In December of 2003, DEA agents and local police tried to put an end to Circus. They staged a massive raid and claimed to have found 10,000 ecstasy pills. Five people, including two Circus employees, were arrested, but La Pietra was never prosecuted and, today, the club owner says the raid was purely political. That year La Pietra had become the leader of the Hollywood secession movement, putting nearly $1.5 million of his own cash into the ballot effort to have the community become a city separate from Los Angeles. The impresario also made no secret of his desire to become mayor, should cityhood succeed. It did not. A month before the raid, L.A. Weekly published a cover story highly critical of La Pietra, stating that "he talks big, and can be loose with the facts." The police action, he says, was not about the club's clientele; it "was about me."

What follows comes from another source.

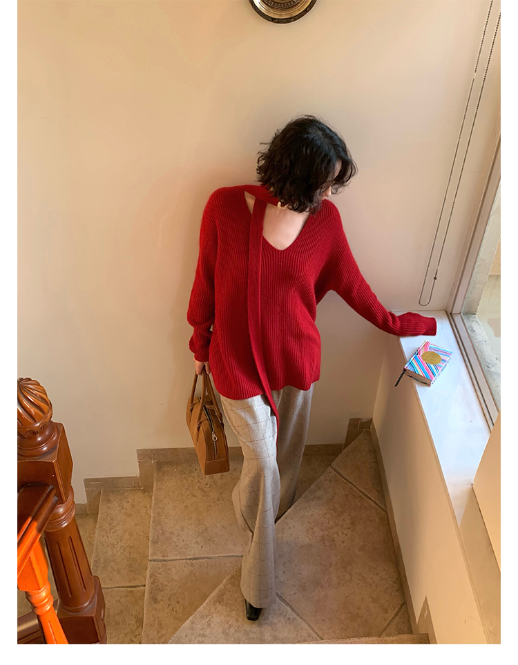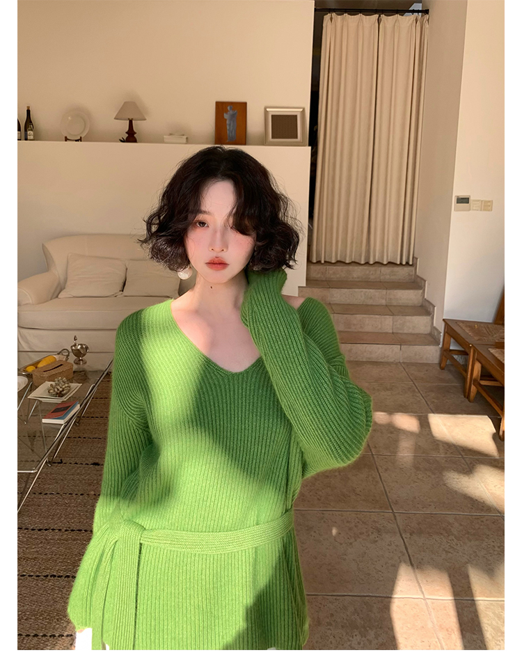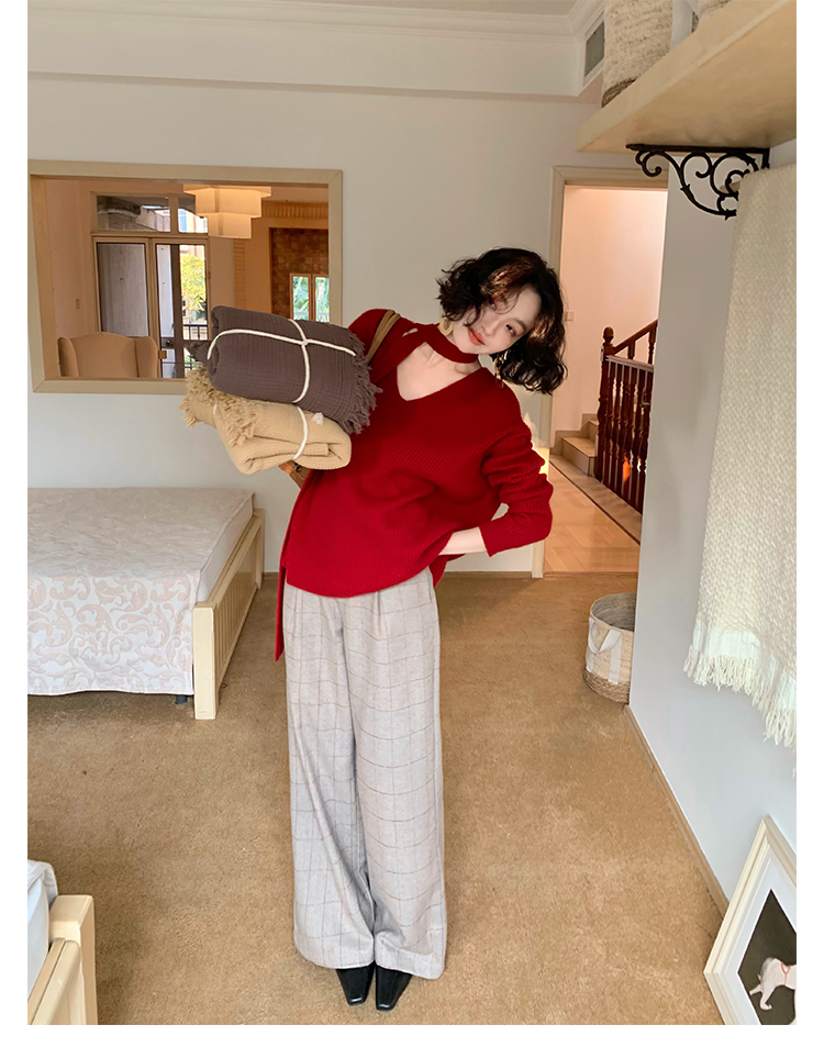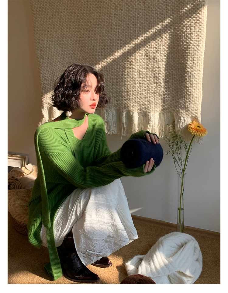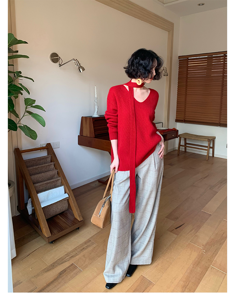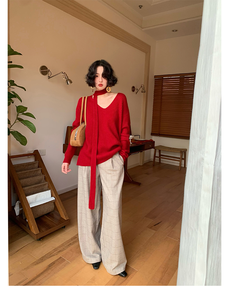 V-Neck Raccoon Velvet Base Sweater with Scarf (Strawberry Jam)

And still, La Pietra stands out in the cold, directing workers, greeting old friends, and taking customers' questions. ("For years," he says, "people thought I was the doorman.") This coming New Year's Eve is being promoted as "the last dance," but La Pietra won't confirm rumors that it will indeed be the closing night for Circus and Arena. To be sure, however, the end is near.

"How lucky can a guy be to come to L.A. and have this long a run?" he says. "It's the Johnny Carson exit all the way - short, sweet, and right on top."